Jim, as he was known to his friends, was born on the 8th December 1914 in Melbourne, Victoria. He enlisted in the RAAF on the 4th March 1940.
Jim was selected for pilot training and graduated as a fighter pilot. He then spent some time with No.1 Operational Training Units Nhill, Victoria, and No.2 OTU Mildura, NSW.
While Jim was instructing at No.2 OTU Mildura, he was involved in a tragic mid-air collision at 1400 hrs on the 21st January 1943. ADF Serials reports that whilst he was in a Section mock combat exercise some three miles from Mildura, A20-277 (Jim’s Fairey Battle aircraft) was struck by A20-349 (another Fairey Battle) piloted by Pilot Officer G.E. Taffe at about 7,000 ft. The collision caused the tail of A20-277 to break away completely, sending both aircraft crashing out of control. Sergeant John Michael David Ryan Serv #414139 (Jim’s pupil) was killed, while Jim survived after baling out of the aircraft. The crew of A20-349, Pilot Officer G.E. Taffe and Sergeant A.F. Bates Serv #413510, was killed. Both aircraft were complete write-offs. The photo is of some Fairey Battles at an unknown location in Australia.

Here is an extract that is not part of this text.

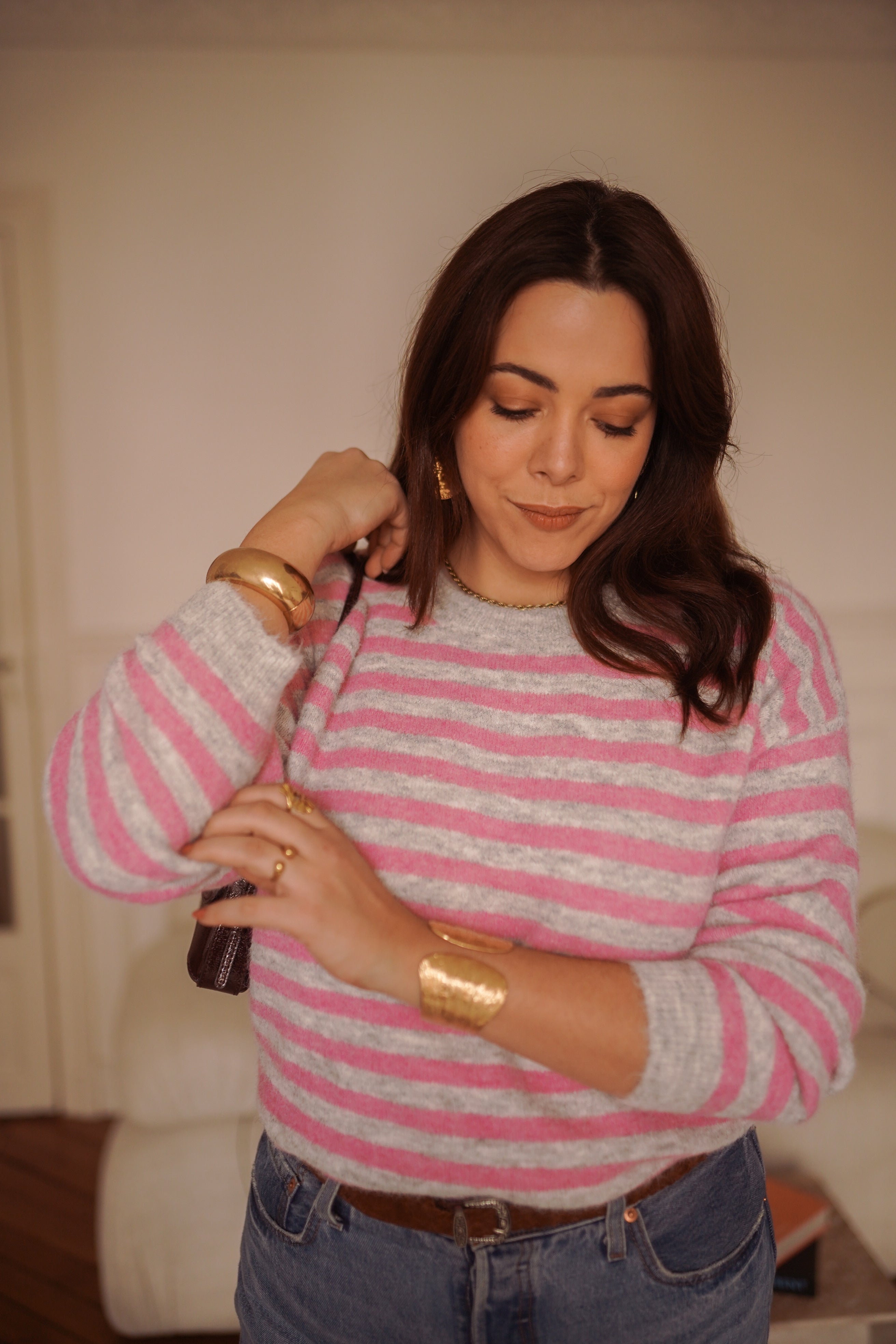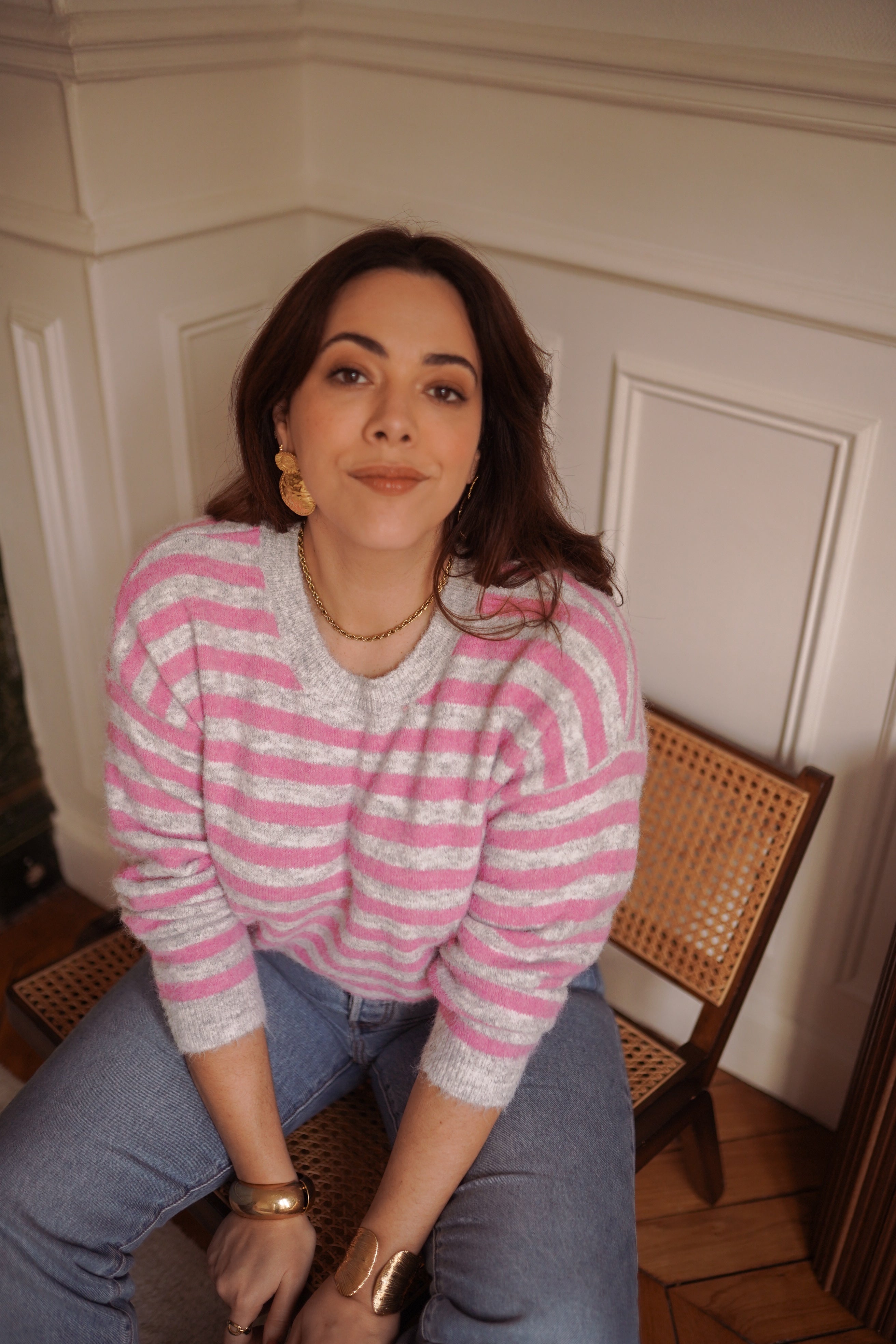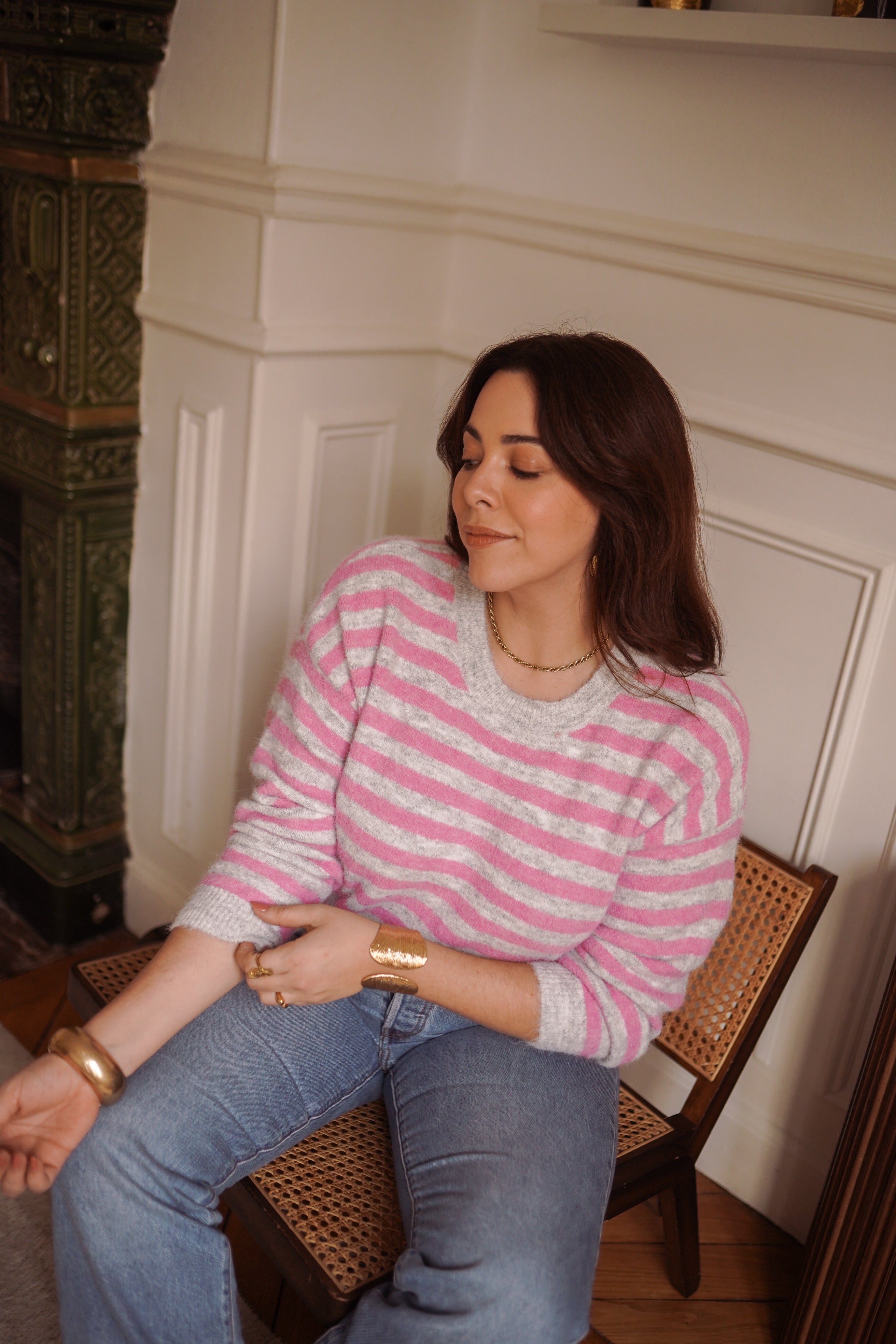 - Rayures rose et gris clair, fraîches et faciles à porter

In November 1943, Jim was posted to 457 Squadron and he served with the Squadron until November 1944. At that stage of the war, 457 Squadron was based in Livingstone in the Northern Territory as part of 1 Fighter Wing, defending Darwin. It remained there until it transferred to the newly formed 80 Wing and moved to Sattler on the 13th May 1944. During the Squadron’s time as part of Darwin’s air garrison, it detached aircraft on several occasions to Milingimbi, Drysdale, Perth and Exmouth. While at Livingstone, the Squadron was re-equipped with an updated version of the Spitfire, imported from Britain, which arrived in a grey and green camouflage scheme. This led to the Squadron nicknaming itself the “Grey Nurse Squadron” and adorning its aircraft with a distinctive shark’s mouth on the nose. By early July 1944, the air defence of Darwin had been handed over to several Royal Air Force squadrons, allowing 457 Squadron to be employed in ground attack, and occasionally maritime attack roles, against targets in the Dutch East Indies.
Jim was involved in another accident on the 27th January 1944 when he was landing at Livingstone in heavy rains during a storm. The build-ups are are notorious at that time of the year during the Wet Season. Luckily, again, Jim was not injured.
Accidents come in threes, or so they say, and Jim was involved in yet another incident when he was up north. An edited version of ADF Serials report for his Spitfire A58-164 is as follows: Accident 1910 hrs on the 16th March 1944. Flight Lieutenant J.S. Menzies was ferrying a Spitfire from Livingstone to Corrunna Downs via Drysdale Strip (both airstrips are in Western Australia) as lead aircraft of a flight of three Spitfires (A58-164/54/208). They were forced to return to Wyndham as a local storm front obscured Drysdale some thirty miles out. After two low circuits, Pilot (Jim) decided to land from north onto the north-south Strip. After landing, his aircraft deviated some 10 feet to starboard at 20 mph speed and struck a built up taxying square, causing the aircraft to pitch over on its nose and overturn. Jim was trapped until crews helped extricate him. He was slightly injured.
The photo is of Jim’s Spitfire, ZP-B. It is looking a little worse for wear because it was dismantled in-situ after the accident and various components were returned to Livingstone Strip.
Jim’s injuries must have been more serious than the above report indicated. He had to be sent back south, and regrettably his health did not improve and he never fully recovered. He was discharged on the 12th July 1946 from No.6 RAAF Hospital.